The strong hand of one stronger than man had taken him; and in a few days more, on February 23rd, hands tender and strong, the hands of an affectionate brother and true friends, bore the body of a shepherd, dead in his prime—for he was but 36 years old—down through the cow-pasture and over the gurgling Glenderaterra, and so through the silent Brundholme woods above the wailing Greta away to its rest in English earth beneath the shadow of the old church of St. Kentigern, in the Crosthwaite valley, within sight of that horned hill of Skiddaw he had loved so well. The people of Keswick begged that his body might be carried through their sorrowful town that opportunity might be given of showing sympathy and respect. And many a stalwart yeoman came to the Homegoing. Little they said, but they felt much as they moved in their dark market-carts toward the burial.

'Eh, but what! it's a terrible loss for us all!' 'The best man amang us gone.' 'We all mun ga when t' time comes, but it's hard bearing is this.' 'Niver a handier man wi' t' sheep i' t' whoale forest.' 'Niver a better man clim't t' fell; a decent, stiddy man as iver was; niver heard a wrang word from him.' 'Eh, but! it's past finding out t' way young uns goes, and auld ones stays.' 'Poor lass, she's lost as good a mate as ever woman had.' 'Poor barns, they've lost a fadder afore they kent him.' And so sorrowfully they turned away from the grave, whereon flowers had been strewn and wreaths laid by hands of men who in their common regret forgot all party differences and thought only of Joseph Hawell, as a man the 'Blues and Yellows' were alike proud of in life, and alike determined to honour in death.

I was a traveller in foreign lands when the news of Joseph Hawell's death reached me, and I felt for a moment stunned. As I realised it, it seemed to me as if I did not care to see Skiddaw again. He was a piece of it; and Skiddaw without him would be no Skiddaw at all, such an ideal yeoman shepherd; so tender-hearted to the yeanlings; so true to his mountain flock; such a man among men, honest and upright, reliable; one always knew somehow that if Joe was present, men right and left of him would behave like gentlemen; so high-minded and bent on the 'Just and True'; and, 'as the great ones only are, in his simplicity sublime.' His influence was wider and deeper than he had dreamed of, and I felt that with Joe Hawell a power that had worked for righteousness in a whole fell-side community, had passed as far as visible form goes from the earth.

On reaching home, it was with a sad heart that I neared the solitary fell-side farm that had been so darkened with loss.

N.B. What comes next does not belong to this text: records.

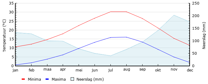 | Gem. max. temperatuur in °C | 10.6 | 12.1 | 14.7 | 17.9 | 22.6 | 26.6 | 30.3 | 30.2 | 26.5 | 21.2 | 15.3 | 11.5 |
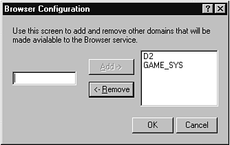 You can double-click the Network icon in the Control Panel to alter the browse service of an NT Server to manually include foreign domains for browsing purposes. Figure 14.3 shows the Add Domain element of Control Panel. To add a foreign domain to the browse list, follow these steps:
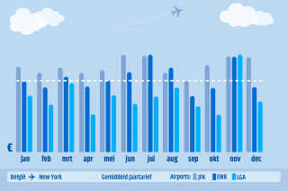 JFK Airport ligt alle maanden boven de gemiddelde ticketprijs naar New York in 2018, en is dus ook de duurste luchthaven van de drie. LaGuardia Airport is voor alle boekmaanden (behalve november) de goedkoopste optie, maar zoals al genoemd, vliegen er geen airlines rechtstreeks naar deze luchthaven. Je zult dan dus wel een overstap moeten maken.
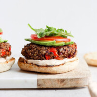 This black bean burger recipe is gluten-free and vegan. It’s high in fiber and protein and lower in fat.
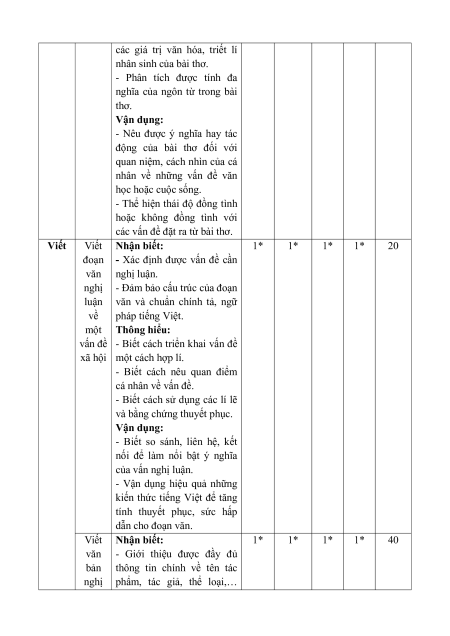tính thuyết phục, sức hấp dẫn cho đoạn văn. Viết Nhận biết: 1* 1* 1* 1* 40 văn

There was the same kitchen; the fiddle was on the wall; the bacon flitches hung from the rafter; the stuffed heads of the two old favourite shepherd dogs, 'Dainty' and 'Rob,' looked out from under the triumphal arch of sickles from the wall; the gun rested close by; the medicine horn and lambing bottle were in their places, and the old row of books that the father and he had so often turned to for thought and inspiration, were in their shelf—but there was no Joe! Robert took me by the hand and bade me sit on the settle, and he would tell me all about it. The poor wife said nothing, but just rose quietly and began to spread the table and set on tea, and when I urged that I would not have her fash herself so or put herself out of the way for me, she urged that it would have been Joe's wish, and I said no more.